Kredi kartlarına uzun vade
taksit imkanı sunan firmalar, yüzde 80'lere varan büyük indirimlerle
tüketicileri çekmeye ve piyasayı hareketlendirmeye çalışıyor.
Firmalar bu şekilde büyük indirim
kampanyaları düzenlerken Tüketiciler Birliği Genel Başkan Yardımcısı Kemal Özer, firmaların sezon sonu indirim kandırmacalarına inanılmamasını öneriyor.

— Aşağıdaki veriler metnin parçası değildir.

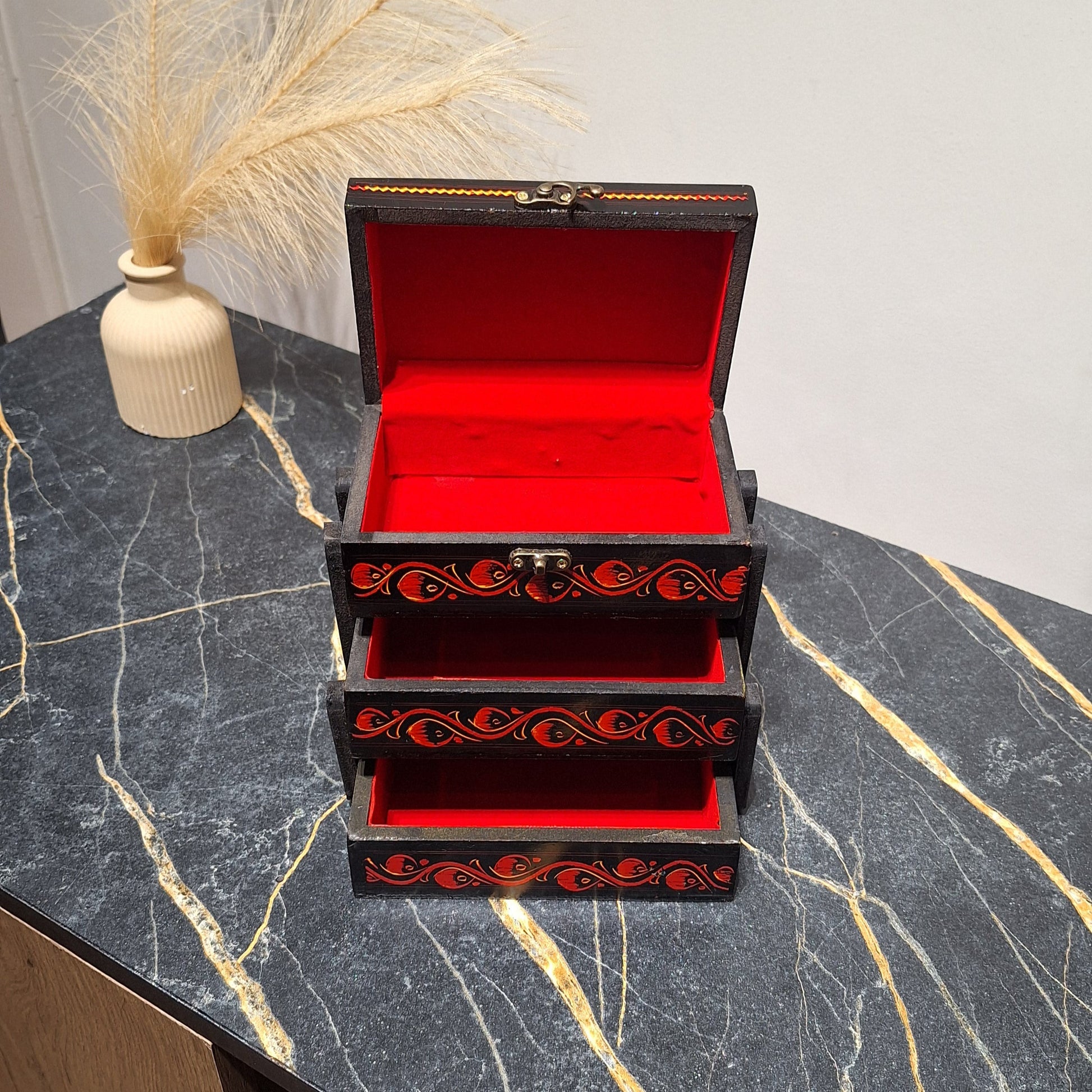 An elegant wooden jewellery holder box crafted to keep your precious pieces organized, safe, and beautifully displayed.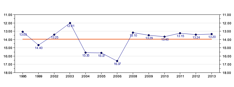 | Antall deltagelser | 13 (i perioden 1995 - 2013) |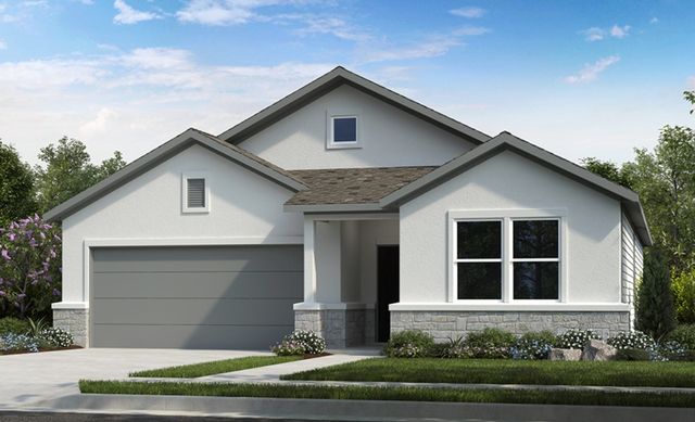 The ranch-style Agate floor plan is designed for your comfort and convenience. This inviting home revolves around an airy open layout showcasing a great room, a kitchen with a center island and a dini...

Eskiden indirimlerin mevsim geçişlerinde ve
iş yeri tasfiyelerinde yapıldığını ifade eden Özer, şunları kaydetti:
''Şimdi bir firma 365 gün tasfiye ilanı yapıştırıp indirim yapıyormuş gibi
satış yapıyor. Diğer yandan yılın her günü yüzde 80'lere varan indirim levhaları
mağaza vitrinlerinden inmiyor. Neredeyse yüzde yüz diyecekler. Artık indirim, hayatımızı kaplamış ama inen hiçbir şey yok. Önce
fiyatların üzerine biniyor sonra da indirilmiş gibi gösteriliyor. Normalde 40 YTL olan
ürüne 100 YTL yazıp üzerini çiziyorlar, yüzde 60 indirim deyip yine 40 YTL'ye satıyorlar. Bu durum gerçekten
seri sonu ve mevsim sonu indirimi yapan dürüst mağazalarında zarar görmesine neden oluyor.''
YÜZDE 100'DEN FAZLA İNDİRİM YAPANLAR BİLE OLUYOR
Bir firmanın ''bir pardösü alana bir pardösü bedava artı bir
gömlek ya da bir eşarp
hediye'' şeklinde kampanya yaptığını vurgulayan Özer, şunları kaydetti:
''Bu nasıl bir kampanya oluyor. Firma burada yüzde yüzden fazla indirim yapmış oluyor. Tüketici de buna inanıyor. İndirimler tüketiciyi aldatır. Özellikle sürekli indirim yapan mağazalar ile bir üründe yüzde 50 indirim diğerlerinde yüzde 10 indirim yapıp sonra vitrine yüzde 50 indirim yazarak tüketiciye aldatan firmalar
tercih edilmemelidir. İndirim, artık bir kandırma kelimesine dönüştü. İndirimlerin gerçekten yapıldığını farz edelim. Firma yüzde 80 indirim yapıyor. Yani 100 YTL'lik ürün 20 YTL'ye satılıyor. Demek ki firma, 20 YTL'ye satarak da kazanıyor. Burada firmanın indirimden önce aynı ürünü normal fiyatın 5 katına, hatta daha fazlasına sattığı ortaya çıkıyor. 20 YTL'ye satılırken para kazanan bir
işletme 5 kat fazlasına satarak ticarette ölçü kaçırılmakta bir tarafın sömürülmesi ve diğer tarafın ölçüsüz
kazanç elde edilmesine neden oluyor.''
Alışverişte güvenin yıkıldığını dile getiren Özer, ''Güvenin tesisi için makul fiyat ve fiyat etiketi birinci şarttır. Genellikle satıcılar, fiyat etiketi bulundurmayarak hem yasayı ihlal etmekte hem de tüketicilerin zayıf taraflarından yaralanmaktadır. Etiketin olmaması satıcıda yüksek fiyat söyleme, tüketicide de pazarlık yapma isteğini
tahrik etmektedir. Üzerinde etiketi bulunmayan mal için tüketici her zaman aldatılacağı kanaatini taşır ve pazarlık kozunu kullanmakta, satıcı ise fiyatı belli olmayan ürünün tüketicinin psikolojinden yararlanarak yüksek göstermeye ve hiç tanınmayan markaları bile kaliteli ve dünya devi gibi göstermeyi tercih etmektedir'' dedi.